:: Work required ::
In the data, find each line where the word "yīng" appears and list that line.

:: Records for processing ::
____________
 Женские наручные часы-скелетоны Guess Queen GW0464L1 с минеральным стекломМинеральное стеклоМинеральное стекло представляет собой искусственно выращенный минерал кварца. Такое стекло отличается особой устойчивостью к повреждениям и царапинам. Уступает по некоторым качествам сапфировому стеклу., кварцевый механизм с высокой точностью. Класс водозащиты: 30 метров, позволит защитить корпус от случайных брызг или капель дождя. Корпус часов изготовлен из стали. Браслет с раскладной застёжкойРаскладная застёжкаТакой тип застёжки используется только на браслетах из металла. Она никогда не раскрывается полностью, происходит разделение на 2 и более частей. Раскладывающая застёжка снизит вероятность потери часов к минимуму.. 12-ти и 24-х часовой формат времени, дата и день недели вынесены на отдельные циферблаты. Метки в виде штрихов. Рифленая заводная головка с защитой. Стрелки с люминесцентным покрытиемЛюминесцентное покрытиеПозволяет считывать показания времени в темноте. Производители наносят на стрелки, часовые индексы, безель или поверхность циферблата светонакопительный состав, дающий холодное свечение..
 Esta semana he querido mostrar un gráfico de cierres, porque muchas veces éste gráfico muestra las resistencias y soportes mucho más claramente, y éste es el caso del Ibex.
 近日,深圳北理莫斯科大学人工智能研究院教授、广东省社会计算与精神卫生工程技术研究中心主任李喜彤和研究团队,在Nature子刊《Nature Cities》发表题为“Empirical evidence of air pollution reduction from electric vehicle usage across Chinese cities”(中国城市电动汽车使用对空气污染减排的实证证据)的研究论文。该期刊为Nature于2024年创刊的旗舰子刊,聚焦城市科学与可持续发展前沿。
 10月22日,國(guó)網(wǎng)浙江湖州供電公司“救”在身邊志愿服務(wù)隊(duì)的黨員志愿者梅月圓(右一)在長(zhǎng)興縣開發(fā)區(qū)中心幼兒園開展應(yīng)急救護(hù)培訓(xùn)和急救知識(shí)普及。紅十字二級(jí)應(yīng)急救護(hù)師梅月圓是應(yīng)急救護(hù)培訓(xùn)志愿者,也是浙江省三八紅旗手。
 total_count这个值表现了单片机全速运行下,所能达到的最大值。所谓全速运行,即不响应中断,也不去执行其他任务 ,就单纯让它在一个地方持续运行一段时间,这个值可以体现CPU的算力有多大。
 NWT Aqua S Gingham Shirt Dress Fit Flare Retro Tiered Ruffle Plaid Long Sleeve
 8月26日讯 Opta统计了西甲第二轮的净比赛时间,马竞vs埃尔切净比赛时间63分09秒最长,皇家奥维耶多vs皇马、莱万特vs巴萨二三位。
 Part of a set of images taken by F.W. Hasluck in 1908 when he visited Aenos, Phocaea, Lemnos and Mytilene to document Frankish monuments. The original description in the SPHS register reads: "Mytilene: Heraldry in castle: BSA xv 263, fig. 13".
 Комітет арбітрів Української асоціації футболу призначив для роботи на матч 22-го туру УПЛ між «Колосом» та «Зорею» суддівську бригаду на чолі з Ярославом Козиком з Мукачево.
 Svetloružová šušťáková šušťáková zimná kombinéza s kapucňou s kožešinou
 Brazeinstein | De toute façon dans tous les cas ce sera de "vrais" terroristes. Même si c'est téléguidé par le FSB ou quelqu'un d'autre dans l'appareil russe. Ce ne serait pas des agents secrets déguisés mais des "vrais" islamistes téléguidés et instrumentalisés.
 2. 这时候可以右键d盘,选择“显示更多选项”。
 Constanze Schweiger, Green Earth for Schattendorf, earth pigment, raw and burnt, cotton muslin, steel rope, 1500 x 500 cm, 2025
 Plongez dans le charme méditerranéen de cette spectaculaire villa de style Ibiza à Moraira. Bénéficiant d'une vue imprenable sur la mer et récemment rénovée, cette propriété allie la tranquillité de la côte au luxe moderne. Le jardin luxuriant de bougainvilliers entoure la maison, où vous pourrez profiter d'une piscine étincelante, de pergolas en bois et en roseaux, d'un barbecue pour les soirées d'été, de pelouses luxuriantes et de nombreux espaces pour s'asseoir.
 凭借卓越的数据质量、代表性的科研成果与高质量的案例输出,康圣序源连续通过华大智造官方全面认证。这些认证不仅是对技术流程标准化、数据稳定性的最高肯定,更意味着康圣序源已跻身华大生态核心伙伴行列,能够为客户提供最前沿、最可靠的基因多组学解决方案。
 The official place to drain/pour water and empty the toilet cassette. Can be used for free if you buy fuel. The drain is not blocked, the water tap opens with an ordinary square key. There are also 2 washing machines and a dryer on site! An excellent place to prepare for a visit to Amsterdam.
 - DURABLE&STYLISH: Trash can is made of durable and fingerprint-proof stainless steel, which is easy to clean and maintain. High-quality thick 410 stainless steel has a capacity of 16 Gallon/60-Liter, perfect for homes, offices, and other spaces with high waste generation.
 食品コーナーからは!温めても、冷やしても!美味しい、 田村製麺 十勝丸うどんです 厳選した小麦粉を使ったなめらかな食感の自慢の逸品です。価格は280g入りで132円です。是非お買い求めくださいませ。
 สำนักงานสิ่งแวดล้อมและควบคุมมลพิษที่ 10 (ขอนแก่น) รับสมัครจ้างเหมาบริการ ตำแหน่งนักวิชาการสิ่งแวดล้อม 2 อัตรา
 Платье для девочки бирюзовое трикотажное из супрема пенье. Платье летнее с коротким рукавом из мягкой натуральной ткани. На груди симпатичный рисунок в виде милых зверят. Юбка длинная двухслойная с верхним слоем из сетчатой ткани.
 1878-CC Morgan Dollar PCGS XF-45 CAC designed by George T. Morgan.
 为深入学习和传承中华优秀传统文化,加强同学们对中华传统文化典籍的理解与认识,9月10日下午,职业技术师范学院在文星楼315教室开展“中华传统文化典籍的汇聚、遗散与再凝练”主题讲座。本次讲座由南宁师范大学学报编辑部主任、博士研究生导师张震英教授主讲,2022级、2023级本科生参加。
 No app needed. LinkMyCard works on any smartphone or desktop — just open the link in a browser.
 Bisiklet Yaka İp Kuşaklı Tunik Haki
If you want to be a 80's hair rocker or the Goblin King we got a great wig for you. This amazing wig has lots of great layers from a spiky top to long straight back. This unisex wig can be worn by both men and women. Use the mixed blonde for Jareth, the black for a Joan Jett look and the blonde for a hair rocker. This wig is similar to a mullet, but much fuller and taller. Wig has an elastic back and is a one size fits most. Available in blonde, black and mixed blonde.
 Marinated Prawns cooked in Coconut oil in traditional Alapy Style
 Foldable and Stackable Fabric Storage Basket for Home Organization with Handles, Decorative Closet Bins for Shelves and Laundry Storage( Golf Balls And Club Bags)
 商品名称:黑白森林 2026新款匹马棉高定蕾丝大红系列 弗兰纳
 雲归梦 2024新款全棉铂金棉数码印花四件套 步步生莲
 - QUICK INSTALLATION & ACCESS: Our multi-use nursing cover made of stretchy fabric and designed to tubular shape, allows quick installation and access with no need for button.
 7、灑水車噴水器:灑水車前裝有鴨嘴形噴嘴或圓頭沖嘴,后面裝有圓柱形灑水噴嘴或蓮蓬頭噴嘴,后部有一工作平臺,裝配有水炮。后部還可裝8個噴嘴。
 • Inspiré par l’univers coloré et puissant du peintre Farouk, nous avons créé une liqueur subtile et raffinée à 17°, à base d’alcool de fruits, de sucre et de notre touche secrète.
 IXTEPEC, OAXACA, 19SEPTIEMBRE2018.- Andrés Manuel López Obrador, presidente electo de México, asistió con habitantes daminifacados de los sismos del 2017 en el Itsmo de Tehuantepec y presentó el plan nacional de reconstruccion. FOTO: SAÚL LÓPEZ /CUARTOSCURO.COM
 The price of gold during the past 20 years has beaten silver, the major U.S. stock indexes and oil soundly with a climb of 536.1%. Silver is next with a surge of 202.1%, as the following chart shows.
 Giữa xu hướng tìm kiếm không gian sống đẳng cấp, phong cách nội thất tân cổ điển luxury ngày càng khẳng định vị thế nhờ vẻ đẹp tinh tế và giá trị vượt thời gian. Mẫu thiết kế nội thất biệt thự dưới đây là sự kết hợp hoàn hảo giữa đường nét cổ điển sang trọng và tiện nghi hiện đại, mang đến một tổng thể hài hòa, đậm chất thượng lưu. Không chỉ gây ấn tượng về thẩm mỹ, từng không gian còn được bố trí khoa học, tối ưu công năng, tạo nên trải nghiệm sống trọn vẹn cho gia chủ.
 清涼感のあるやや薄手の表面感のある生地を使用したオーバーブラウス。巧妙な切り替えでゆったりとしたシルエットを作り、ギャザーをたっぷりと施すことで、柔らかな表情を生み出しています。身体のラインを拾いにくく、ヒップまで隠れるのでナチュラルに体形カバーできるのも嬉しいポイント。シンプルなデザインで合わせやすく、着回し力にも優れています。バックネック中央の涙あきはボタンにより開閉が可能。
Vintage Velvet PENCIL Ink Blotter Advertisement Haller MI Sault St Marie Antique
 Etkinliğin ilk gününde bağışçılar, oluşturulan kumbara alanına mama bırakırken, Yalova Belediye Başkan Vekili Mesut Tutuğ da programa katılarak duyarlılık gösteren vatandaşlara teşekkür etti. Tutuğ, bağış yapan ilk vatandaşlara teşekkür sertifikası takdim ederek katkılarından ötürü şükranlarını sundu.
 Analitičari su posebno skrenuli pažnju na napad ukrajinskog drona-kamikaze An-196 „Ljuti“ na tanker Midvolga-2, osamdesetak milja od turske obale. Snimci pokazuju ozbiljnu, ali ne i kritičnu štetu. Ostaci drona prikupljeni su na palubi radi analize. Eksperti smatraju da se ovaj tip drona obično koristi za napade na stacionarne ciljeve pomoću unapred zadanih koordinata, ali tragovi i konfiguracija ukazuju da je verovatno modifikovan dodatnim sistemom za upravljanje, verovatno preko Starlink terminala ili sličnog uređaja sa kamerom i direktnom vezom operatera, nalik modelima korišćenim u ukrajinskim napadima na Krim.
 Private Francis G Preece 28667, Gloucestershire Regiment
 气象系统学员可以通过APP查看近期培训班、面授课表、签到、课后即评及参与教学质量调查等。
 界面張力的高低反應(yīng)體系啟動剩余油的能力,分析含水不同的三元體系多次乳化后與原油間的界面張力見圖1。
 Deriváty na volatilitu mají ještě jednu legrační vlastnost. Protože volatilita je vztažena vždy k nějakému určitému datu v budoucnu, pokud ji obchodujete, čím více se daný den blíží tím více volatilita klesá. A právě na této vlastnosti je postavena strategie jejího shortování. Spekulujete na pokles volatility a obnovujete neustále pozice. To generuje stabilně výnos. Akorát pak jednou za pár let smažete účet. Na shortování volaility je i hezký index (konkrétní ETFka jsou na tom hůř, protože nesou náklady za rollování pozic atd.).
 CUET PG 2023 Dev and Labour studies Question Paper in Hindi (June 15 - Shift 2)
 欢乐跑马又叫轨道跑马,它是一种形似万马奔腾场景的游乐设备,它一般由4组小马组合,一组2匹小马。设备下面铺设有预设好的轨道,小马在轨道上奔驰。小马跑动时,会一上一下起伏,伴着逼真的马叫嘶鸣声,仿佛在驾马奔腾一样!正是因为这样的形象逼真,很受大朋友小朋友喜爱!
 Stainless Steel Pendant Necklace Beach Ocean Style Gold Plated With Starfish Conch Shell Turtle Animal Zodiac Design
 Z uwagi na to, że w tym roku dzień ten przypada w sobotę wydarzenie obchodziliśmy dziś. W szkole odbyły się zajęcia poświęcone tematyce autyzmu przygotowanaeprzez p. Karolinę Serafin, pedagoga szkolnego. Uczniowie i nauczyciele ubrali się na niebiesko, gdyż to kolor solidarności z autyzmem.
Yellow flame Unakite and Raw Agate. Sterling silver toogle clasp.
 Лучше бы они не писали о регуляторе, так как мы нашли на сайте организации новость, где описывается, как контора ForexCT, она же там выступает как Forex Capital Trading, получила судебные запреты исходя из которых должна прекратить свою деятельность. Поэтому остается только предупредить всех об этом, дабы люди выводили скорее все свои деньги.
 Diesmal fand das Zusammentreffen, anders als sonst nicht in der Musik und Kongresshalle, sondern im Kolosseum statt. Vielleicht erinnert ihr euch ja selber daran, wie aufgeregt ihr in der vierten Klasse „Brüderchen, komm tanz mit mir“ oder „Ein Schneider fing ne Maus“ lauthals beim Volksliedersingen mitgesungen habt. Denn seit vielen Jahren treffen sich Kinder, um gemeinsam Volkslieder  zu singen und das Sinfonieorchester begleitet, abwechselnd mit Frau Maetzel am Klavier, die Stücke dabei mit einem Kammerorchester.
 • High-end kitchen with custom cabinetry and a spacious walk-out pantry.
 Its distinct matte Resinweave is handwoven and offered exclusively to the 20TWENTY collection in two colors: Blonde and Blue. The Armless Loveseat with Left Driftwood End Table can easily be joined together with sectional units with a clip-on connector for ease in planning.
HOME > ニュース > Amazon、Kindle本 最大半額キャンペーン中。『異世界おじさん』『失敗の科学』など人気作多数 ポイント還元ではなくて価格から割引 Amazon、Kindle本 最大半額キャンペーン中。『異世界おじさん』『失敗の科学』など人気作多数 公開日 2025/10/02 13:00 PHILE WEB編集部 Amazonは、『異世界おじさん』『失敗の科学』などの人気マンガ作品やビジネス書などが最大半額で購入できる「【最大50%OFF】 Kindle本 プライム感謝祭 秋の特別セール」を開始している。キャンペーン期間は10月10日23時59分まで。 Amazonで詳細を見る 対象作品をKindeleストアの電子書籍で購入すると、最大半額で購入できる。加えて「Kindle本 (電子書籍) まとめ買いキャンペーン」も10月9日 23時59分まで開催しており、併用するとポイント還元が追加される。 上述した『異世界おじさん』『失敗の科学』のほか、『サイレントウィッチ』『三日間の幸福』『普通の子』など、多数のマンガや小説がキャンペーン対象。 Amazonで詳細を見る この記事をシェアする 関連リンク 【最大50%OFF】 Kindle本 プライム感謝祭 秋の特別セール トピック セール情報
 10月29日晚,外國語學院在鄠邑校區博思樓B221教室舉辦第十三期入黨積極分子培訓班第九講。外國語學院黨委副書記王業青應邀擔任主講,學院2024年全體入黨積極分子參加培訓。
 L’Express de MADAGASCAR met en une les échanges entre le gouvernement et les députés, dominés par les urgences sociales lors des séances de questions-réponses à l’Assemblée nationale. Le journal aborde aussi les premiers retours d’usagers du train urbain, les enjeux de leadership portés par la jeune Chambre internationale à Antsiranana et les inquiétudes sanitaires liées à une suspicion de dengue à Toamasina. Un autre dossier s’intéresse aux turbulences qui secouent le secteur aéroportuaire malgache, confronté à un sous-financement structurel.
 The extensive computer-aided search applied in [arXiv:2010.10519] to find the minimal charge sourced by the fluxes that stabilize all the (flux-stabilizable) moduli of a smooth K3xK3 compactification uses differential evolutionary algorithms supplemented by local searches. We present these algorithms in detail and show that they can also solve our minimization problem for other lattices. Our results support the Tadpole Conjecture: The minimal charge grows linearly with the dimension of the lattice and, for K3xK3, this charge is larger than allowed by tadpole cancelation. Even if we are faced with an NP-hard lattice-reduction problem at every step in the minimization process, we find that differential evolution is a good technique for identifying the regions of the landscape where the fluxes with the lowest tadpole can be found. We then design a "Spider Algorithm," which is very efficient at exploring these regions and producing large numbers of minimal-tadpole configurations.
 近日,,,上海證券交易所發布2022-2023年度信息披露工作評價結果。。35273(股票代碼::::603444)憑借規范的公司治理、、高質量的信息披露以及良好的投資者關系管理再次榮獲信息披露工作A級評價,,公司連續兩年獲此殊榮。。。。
____________
:: Solution for this problem ::
 10月22日,國(guó)網(wǎng)浙江湖州供電公司“救”在身邊志愿服務(wù)隊(duì)的黨員志愿者梅月圓(右一)在長(zhǎng)興縣開發(fā)區(qū)中心幼兒園開展應(yīng)急救護(hù)培訓(xùn)和急救知識(shí)普及。紅十字二級(jí)應(yīng)急救護(hù)師梅月圓是應(yīng)急救護(hù)培訓(xùn)志愿者,也是浙江省三八紅旗手。
 界面張力的高低反應(yīng)體系啟動剩余油的能力,分析含水不同的三元體系多次乳化后與原油間的界面張力見圖1。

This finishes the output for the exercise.